Chairman of the 1960 Democratic National Convention

Collins served as a chairman of the 1960 Democratic National Convention, which nominated Senator John F. Kennedy of Massachusetts for President and Senate Majority Leader Lyndon B. Johnson of Texas for Vice President.

Post-governorship
Upon completion of six years as governor, he became president of the National Association of Broadcasters. He resigned this at the request of President Lyndon B. Johnson to become the first Director of the Community Relations Service under the 1964 Civil Rights Act. Also by Presidential appointment, he became United States Under Secretary of Commerce on July 7, 1965. He resigned this position effective October 1, 1966 to return to Florida to become a partner in a Tampa law firm.

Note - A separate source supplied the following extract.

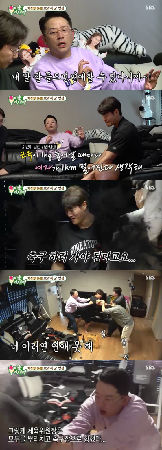 김종국은 세 사람의 잔소리에도 "나의 이런 면을 좋아하는 사람을 만나면 되지. 싫다 하는 것만 고쳐주면 된다"고 심드렁한 모습을 보였다. 김준호는 이에 "내가 배 나오고 근육이 없으니까 사랑이 다가오지 않냐. 연애하려면 운동 좀 줄여야 한다"고 억지 논리를 대며 김종국의 운동 방으로 향했고, 세 사람은 준비해온 김종국 어머니의 사진을 이곳 저곳 붙여 김종국의 분노를 자아냈다.
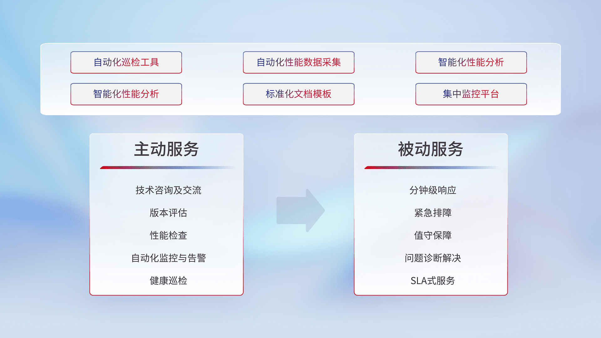 智能化工具和标准化文档,,,保障服务质量,,提供主动服务(包含技术咨询、、版本评估、、、、性能检查、、、自动化监控与告警、、健康巡检)和被动服务包含(分钟级响应、、、、紧急排障、、、值守保障、、、、问题诊断解决、、SLA服务)。。

In 1968, he was nominated by the Democratic Party for the United States Senate seat vacated by fellow Democrat George Smathers. However, he lost the general election to Republican U.S. Representative Edward Gurney. Gurney partisans distributed a photograph of Collins walking alongside the Reverend Martin Luther King Jr., during the second of the March 1965 Selma to Montgomery marches in Alabama. The photograph contained no caption or other explanation of why Collins was in Selma. In fact, Collins had not participated in the march, but had shuttled back and forth between the marchers and the Alabama authorities to pursue a compromise to avoid a repeat of the violence perpetrated two days earlier, by state troopers and a deputized county posse, on the county side of the Edmund Pettus Bridge during the "Bloody Sunday" march.  He conducted these negotiations as a part of his job as head of the Community Relations Service, at the behest of President Lyndon B. Johnson. He succeeded, as the marchers were allowed to cross the bridge, pray, and return to the other side, completing the "Turnaround Tuesday" march.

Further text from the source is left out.